Okay, so I'm going to take you through a threshold theorem, for those people who

are interested in seeing a little more detail, exactly how these thresholds work.

And how some of these things are proven, just to give you a feel for

the type of proof that works in this setting.

And so the one that we're looking at is going to be

one of the more interesting theorems, coming out of Erdos and Renyi.

0:24

So what we're looking at is that a threshold function for

the connectedness of one of these.

Plus some of our GMP random networks is the point at which

the probability of forming a link is proportional to log(n)/n.

So if this then tells us that if p(n),

0:48

Is much larger than this, then so if p(n) is much larger than log(n)/n,

then we're going to have a connected network.

And if it's much smaller than this, then the network is not going to be connected,

and we're going to have different components in it.

1:08

Okay, so that's the theorem.

And what we're going to do is just sort of work through part of the proof which

basically carries the main intuitions of the proof.

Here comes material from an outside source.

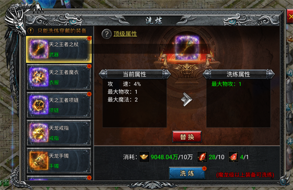 通过洗练可以提升角色的属性和技能,使角色更加强大,在游戏中玩家可以通过洗练改善自身装备的属性,提高战斗力。在功能栏中可以找到洗练,点击洗练,即可进入装备界面进行装备洗练。洗练装备只能给自身的装备进行洗练,脱下的装备与放在仓库的装备是无法参与洗脸的普通洗练的材料为洗练石,配饰则出了洗练石,还需要,星王结晶。而且装备必须魔龙级以上方可洗练。装备的稀有程度不同,洗练的上限也不同。
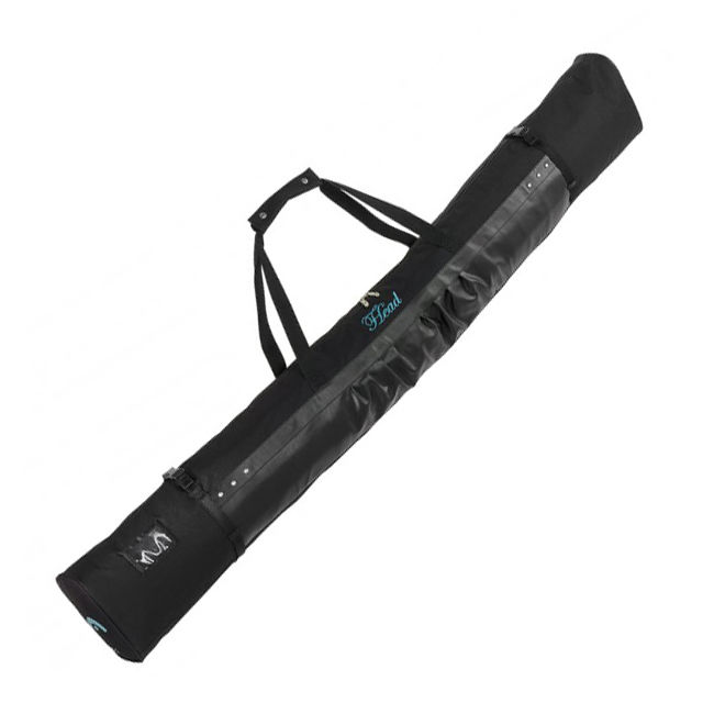 Жіночий чохол для однієї пари лиж. Оснащений двома пряжками, простий в налаштуванні, стиснення ременів і зручним ремінцем для перенесення. Підкладка бірюзового кольору, а також вишита емблема в тій ж гамі.

And there's still some details that you have to work out, and

I'm not going to go through all of the details.

But this will give the essential bits of the proof.

And so one thing we can do is show that if p(n) compared to this threshold goes to 0,

so if that p is much smaller than this threshold,

then there's going to be isolated nodes with probability 1.

So if there's isolated nodes, then certainly the network can't be connected.

Whereas if p(n) compared to t(n) goes to infinity,

then there can't be any components with less than half the nodes.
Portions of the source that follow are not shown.